Tagengo: A Multilingual Chat Dataset
Peter Devine
TL;DR
This work tackles the gap in open-source multilingual LLM capabilities by creating Tagengo, a high-quality dataset of over 70k prompts across 74 languages, and using it to train Suzume 8B multilingual and Suzume 8B Japanese LLMs. The study demonstrates that multilingual training yields strong non-English performance, with transfer learning also improving Japanese despite not being trained exclusively on Japanese data.
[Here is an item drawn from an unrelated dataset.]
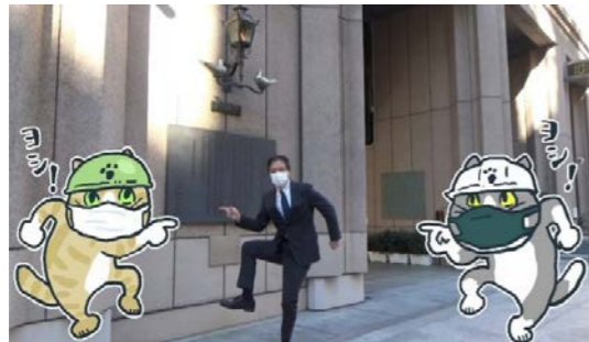
仕事猫とおなじみの「ヨシ！」ポーズを取ったのち、感染予防を訴える区長

On MT-Bench benchmarks, the open-source Suzume models outperform comparable-size peers in several languages, though GPT-3.5-Turbo still leads in many cases, underscoring both the progress and remaining gaps for open-source multilingual LLMs. The authors release data, training code, and models, emphasizing the importance of diverse multilingual data for accessible and robust cross-language AI systems.
Abstract
Open source large language models (LLMs) have shown great improvements in recent times. However, many of these models are focused solely on popular spoken languages. We present a high quality dataset of more than 70k prompt-response pairs in 74 languages which consist of human generated prompts and synthetic responses. We use this dataset to train a state-of-the-art open source English LLM to chat multilingually. We evaluate our model on MT-Bench chat benchmarks in 6 languages, finding that our multilingual model outperforms previous state-of-the-art open source LLMs across each language. We further find that training on more multilingual data is beneficial to the performance in a chosen target language (Japanese) compared to simply training on only data in that language. These results indicate the necessity of training on large amounts of high quality multilingual data to make a more accessible LLM.